Recorded data

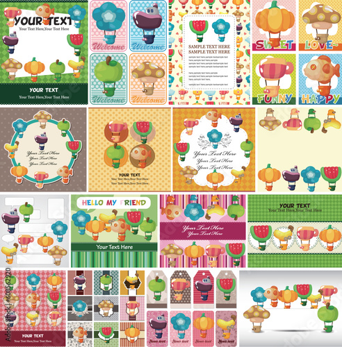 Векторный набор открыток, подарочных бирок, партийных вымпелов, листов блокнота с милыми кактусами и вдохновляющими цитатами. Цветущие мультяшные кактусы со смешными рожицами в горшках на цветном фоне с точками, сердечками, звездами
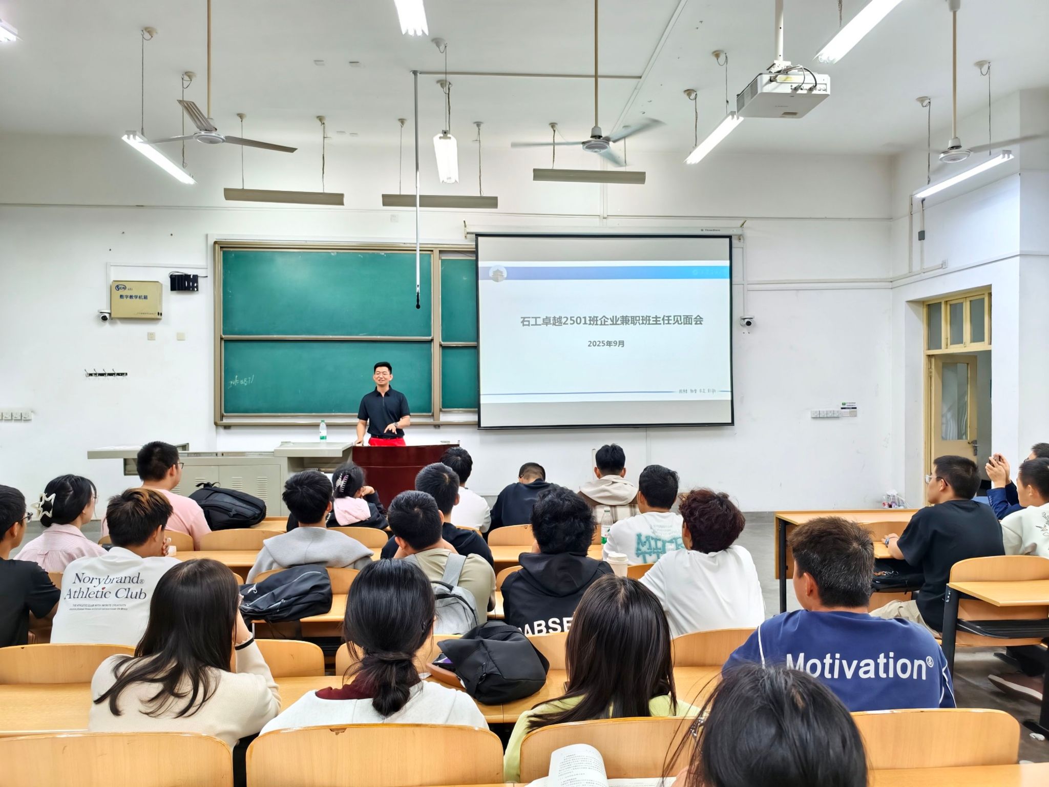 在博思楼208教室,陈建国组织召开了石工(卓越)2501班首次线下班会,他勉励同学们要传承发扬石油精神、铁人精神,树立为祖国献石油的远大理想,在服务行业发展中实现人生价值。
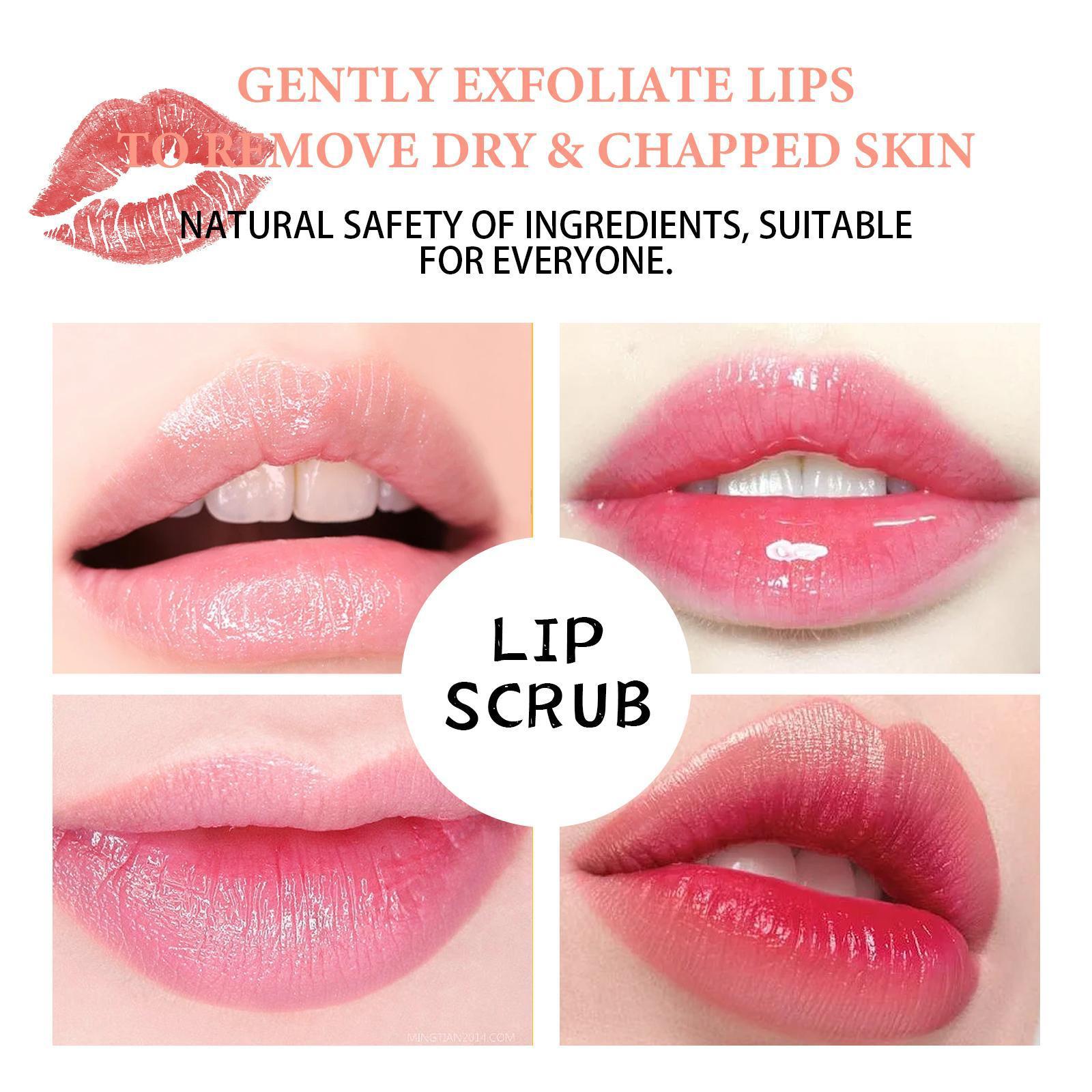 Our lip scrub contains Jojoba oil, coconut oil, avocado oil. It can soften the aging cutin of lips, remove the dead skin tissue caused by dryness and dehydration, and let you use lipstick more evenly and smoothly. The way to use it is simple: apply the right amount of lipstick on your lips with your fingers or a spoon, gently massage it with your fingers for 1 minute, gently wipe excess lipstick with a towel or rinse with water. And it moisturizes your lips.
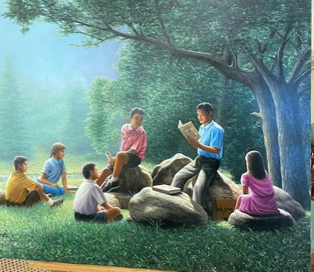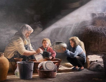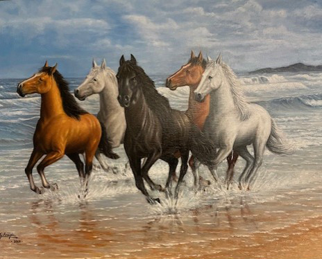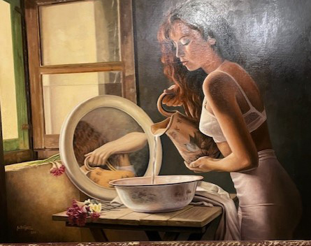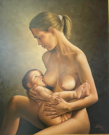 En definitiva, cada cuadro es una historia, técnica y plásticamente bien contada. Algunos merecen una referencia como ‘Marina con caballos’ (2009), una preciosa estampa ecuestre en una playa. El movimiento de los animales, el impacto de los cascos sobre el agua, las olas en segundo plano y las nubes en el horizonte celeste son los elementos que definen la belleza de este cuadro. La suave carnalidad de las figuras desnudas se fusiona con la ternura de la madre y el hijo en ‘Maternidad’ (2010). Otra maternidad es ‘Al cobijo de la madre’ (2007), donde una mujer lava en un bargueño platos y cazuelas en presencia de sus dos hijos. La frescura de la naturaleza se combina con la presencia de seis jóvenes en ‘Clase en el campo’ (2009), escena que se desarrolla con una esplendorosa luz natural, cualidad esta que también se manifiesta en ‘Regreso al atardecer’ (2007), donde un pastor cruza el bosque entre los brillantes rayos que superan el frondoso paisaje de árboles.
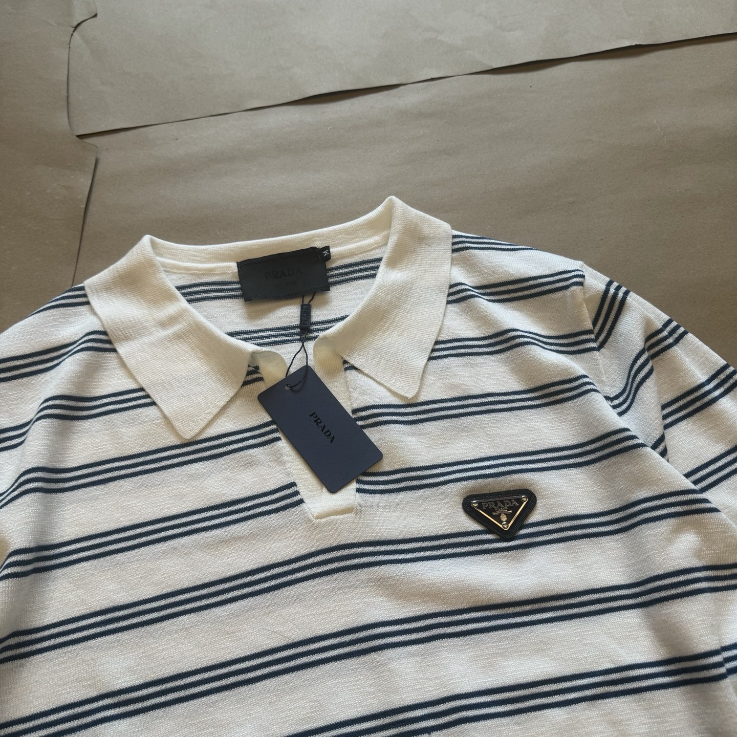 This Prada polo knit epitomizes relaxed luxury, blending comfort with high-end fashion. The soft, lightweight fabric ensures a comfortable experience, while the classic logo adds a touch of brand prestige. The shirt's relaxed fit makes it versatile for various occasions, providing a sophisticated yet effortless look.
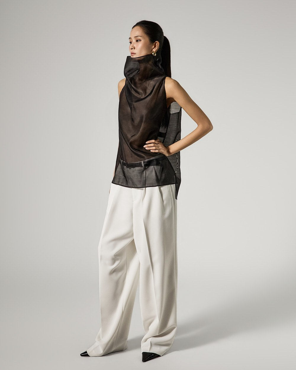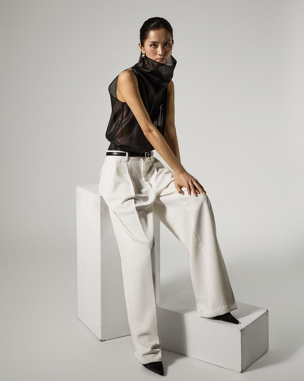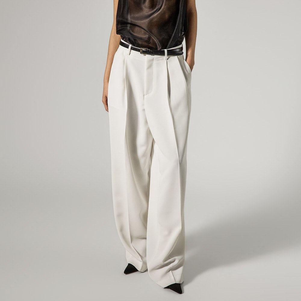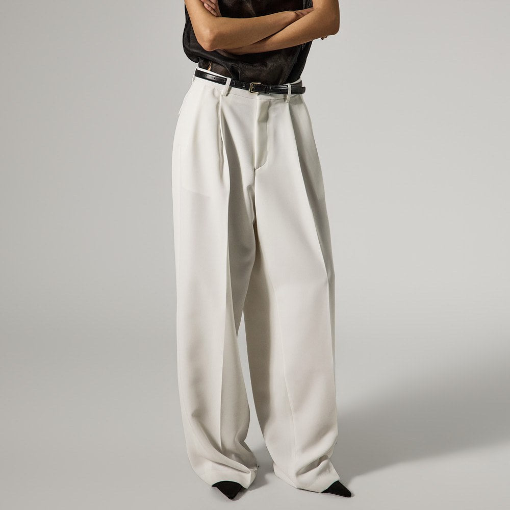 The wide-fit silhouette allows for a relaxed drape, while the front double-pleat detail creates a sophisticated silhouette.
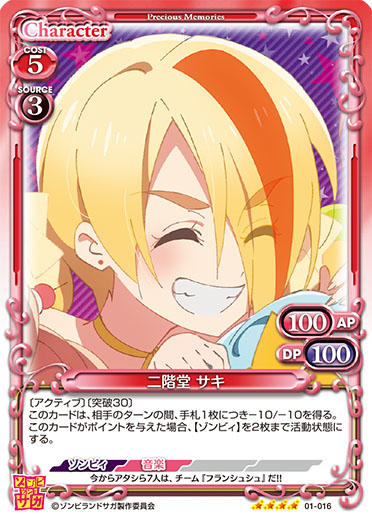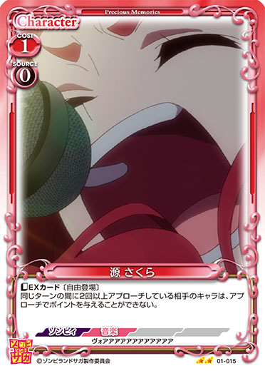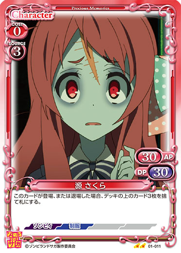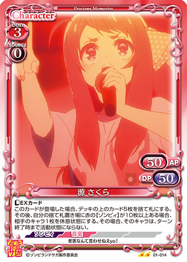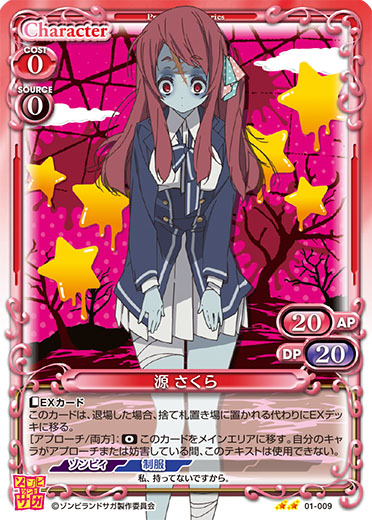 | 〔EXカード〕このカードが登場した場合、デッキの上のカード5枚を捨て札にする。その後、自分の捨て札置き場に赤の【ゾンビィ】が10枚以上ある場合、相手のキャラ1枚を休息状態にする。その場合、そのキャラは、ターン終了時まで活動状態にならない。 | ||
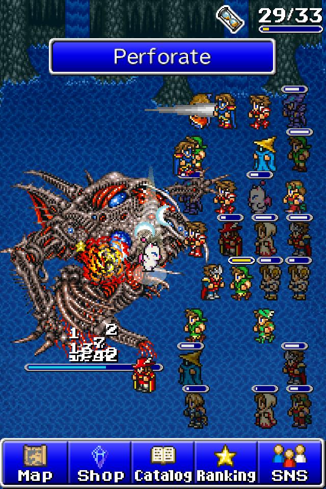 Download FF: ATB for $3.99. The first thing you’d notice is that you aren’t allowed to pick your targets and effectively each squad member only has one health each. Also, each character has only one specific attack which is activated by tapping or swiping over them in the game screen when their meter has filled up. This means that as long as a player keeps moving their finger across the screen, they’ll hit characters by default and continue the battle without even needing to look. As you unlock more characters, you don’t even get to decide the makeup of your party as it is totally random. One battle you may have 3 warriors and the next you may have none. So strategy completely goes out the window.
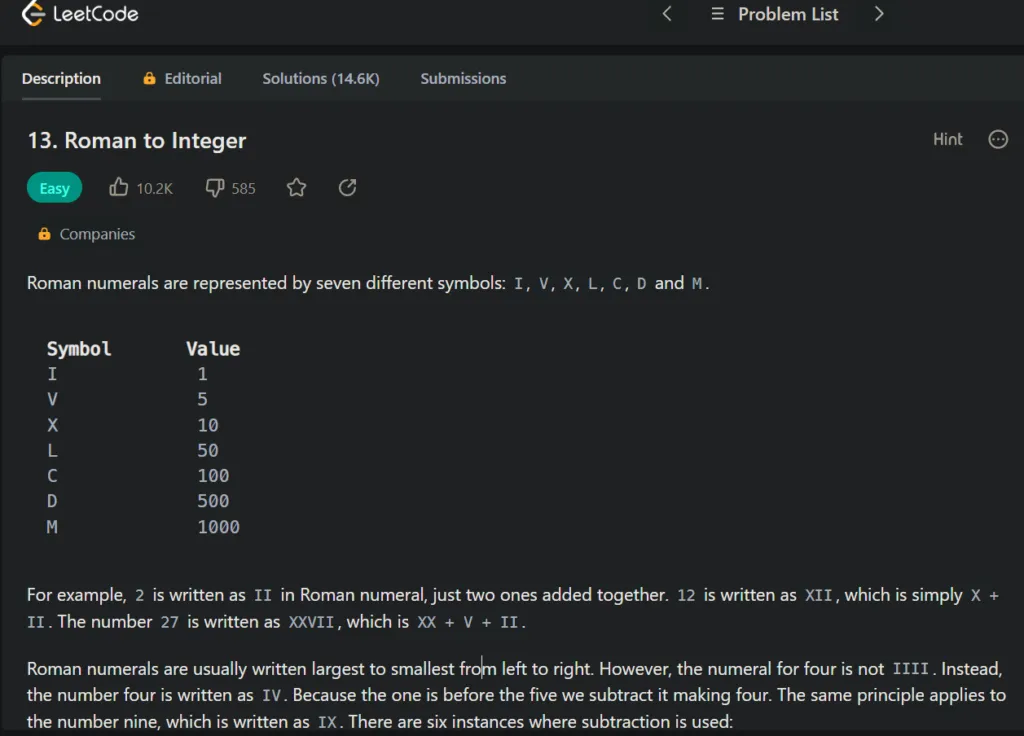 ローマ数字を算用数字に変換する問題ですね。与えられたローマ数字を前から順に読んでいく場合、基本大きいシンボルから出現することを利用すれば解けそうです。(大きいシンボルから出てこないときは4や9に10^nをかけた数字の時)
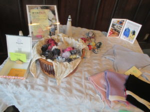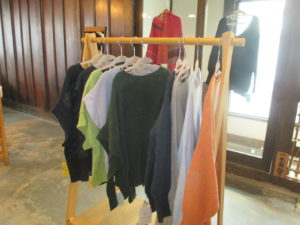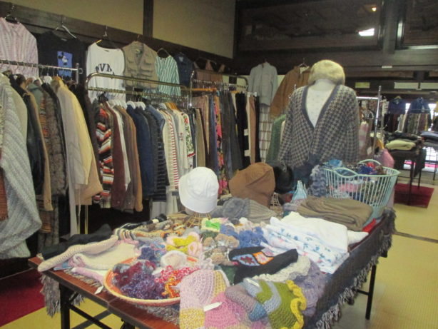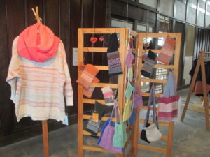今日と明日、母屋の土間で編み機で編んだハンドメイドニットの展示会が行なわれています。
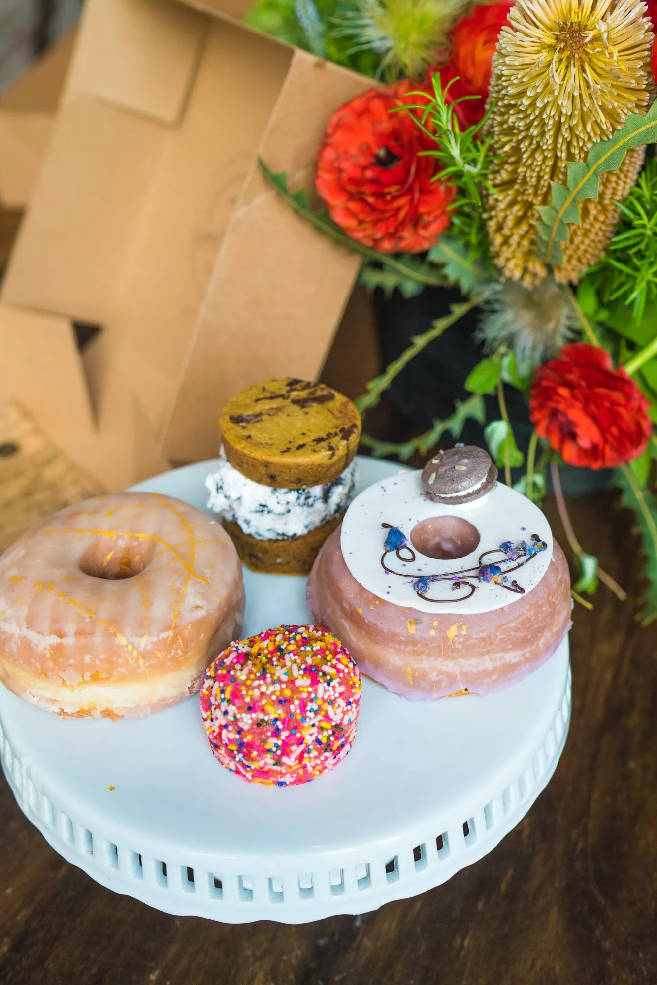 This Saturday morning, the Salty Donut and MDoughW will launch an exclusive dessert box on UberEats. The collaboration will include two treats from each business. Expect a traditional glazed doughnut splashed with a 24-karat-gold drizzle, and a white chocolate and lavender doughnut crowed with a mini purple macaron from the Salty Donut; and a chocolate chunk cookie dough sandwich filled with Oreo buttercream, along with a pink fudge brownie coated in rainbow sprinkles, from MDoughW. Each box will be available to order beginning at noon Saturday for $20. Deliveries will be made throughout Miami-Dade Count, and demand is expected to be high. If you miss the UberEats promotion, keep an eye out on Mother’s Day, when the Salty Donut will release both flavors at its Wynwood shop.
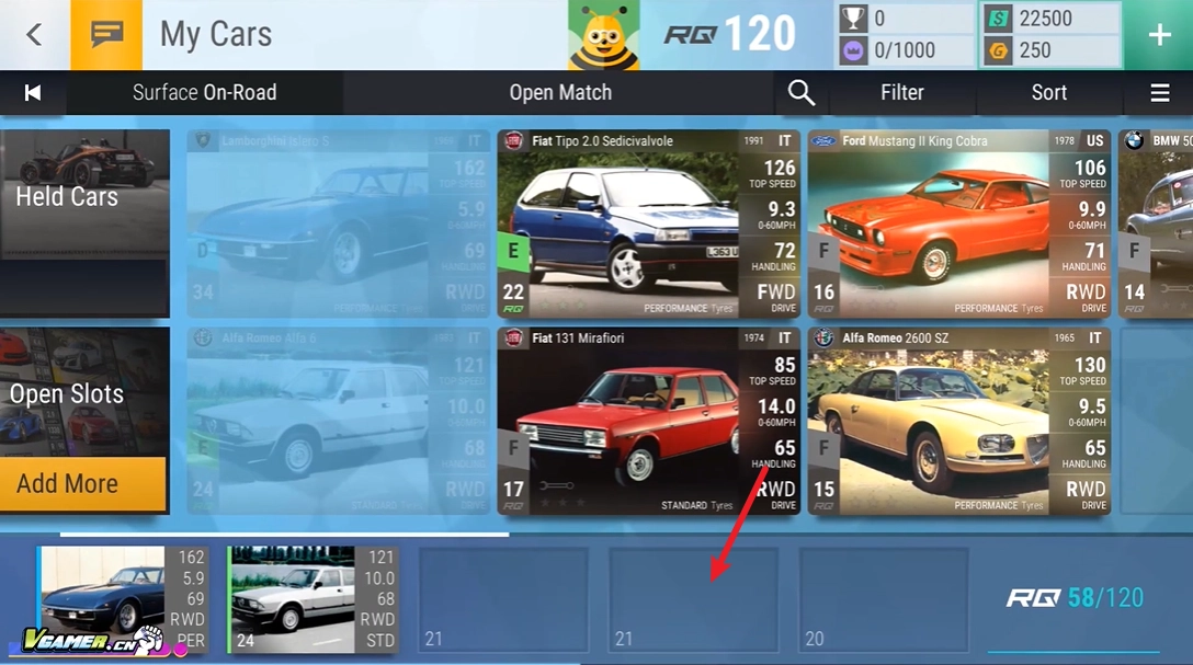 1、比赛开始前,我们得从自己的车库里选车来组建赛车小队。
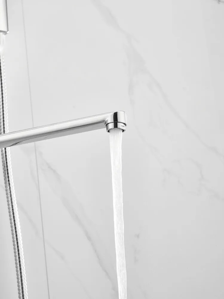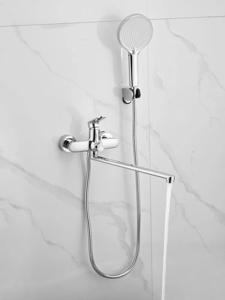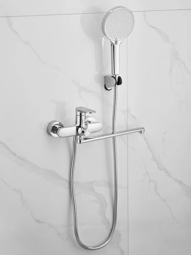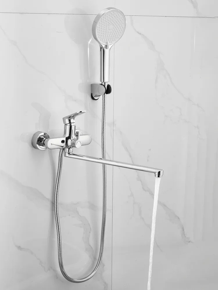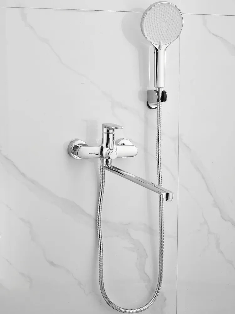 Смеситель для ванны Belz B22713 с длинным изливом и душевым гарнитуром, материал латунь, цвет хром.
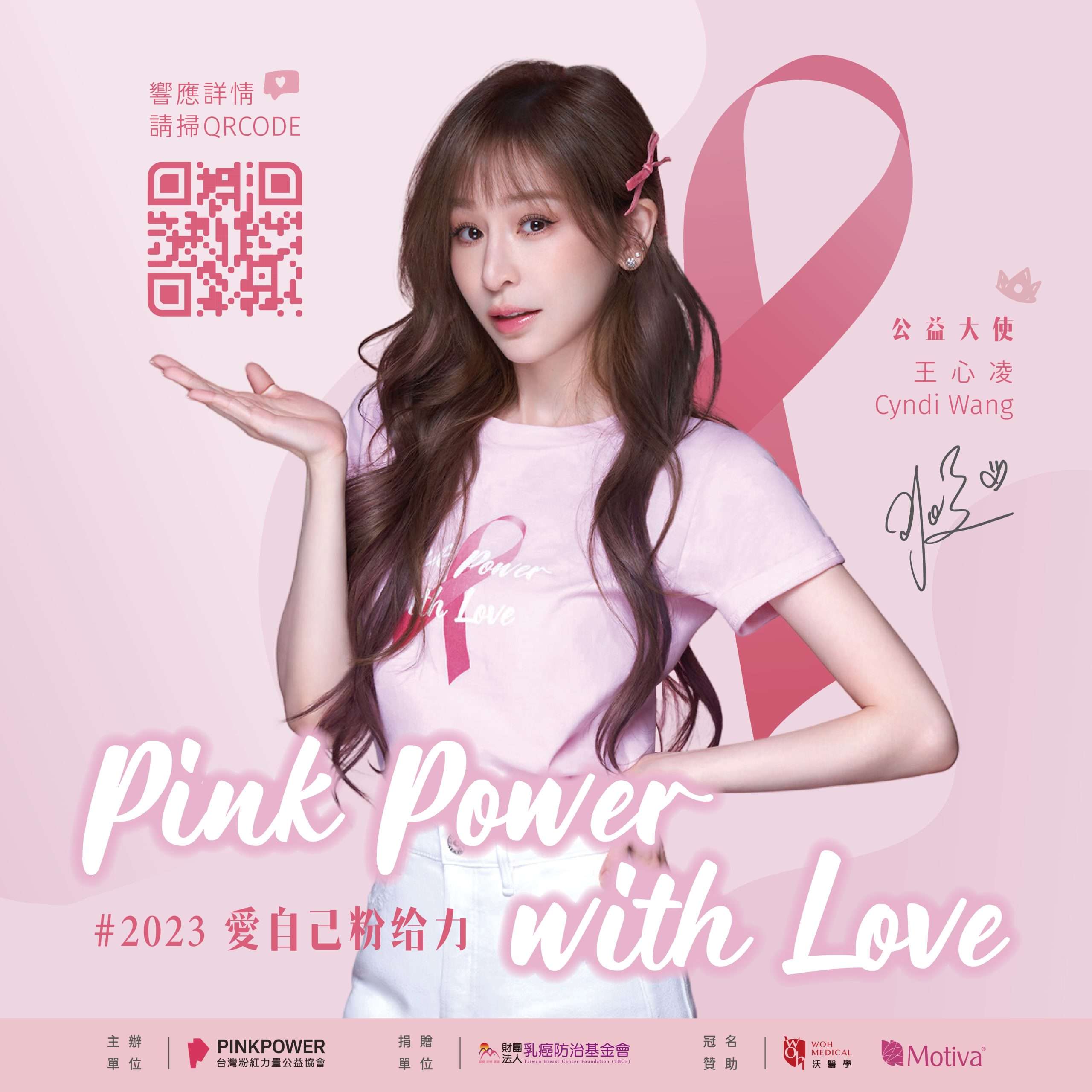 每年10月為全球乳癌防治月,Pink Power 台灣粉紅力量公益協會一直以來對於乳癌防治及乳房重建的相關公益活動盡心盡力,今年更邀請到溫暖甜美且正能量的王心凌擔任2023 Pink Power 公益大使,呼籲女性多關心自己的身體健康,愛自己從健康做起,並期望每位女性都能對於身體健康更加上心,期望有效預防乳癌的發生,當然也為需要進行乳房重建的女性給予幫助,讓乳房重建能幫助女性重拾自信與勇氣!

** WHAT THE EXERCISE ASKS **
Would you copy the lines above exactly, starting with the one that has "ローマ数字を算用数字に変換す" and ending with the one that has "今日と明日、母屋の土間で編み", both included, without the pictures?

** RESPONSE **
 ローマ数字を算用数字に変換する問題ですね。与えられたローマ数字を前から順に読んでいく場合、基本大きいシンボルから出現することを利用すれば解けそうです。(大きいシンボルから出てこないときは4や9に10^nをかけた数字の時)
今日と明日、母屋の土間で編み機で編んだハンドメイドニットの展示会が行なわれています。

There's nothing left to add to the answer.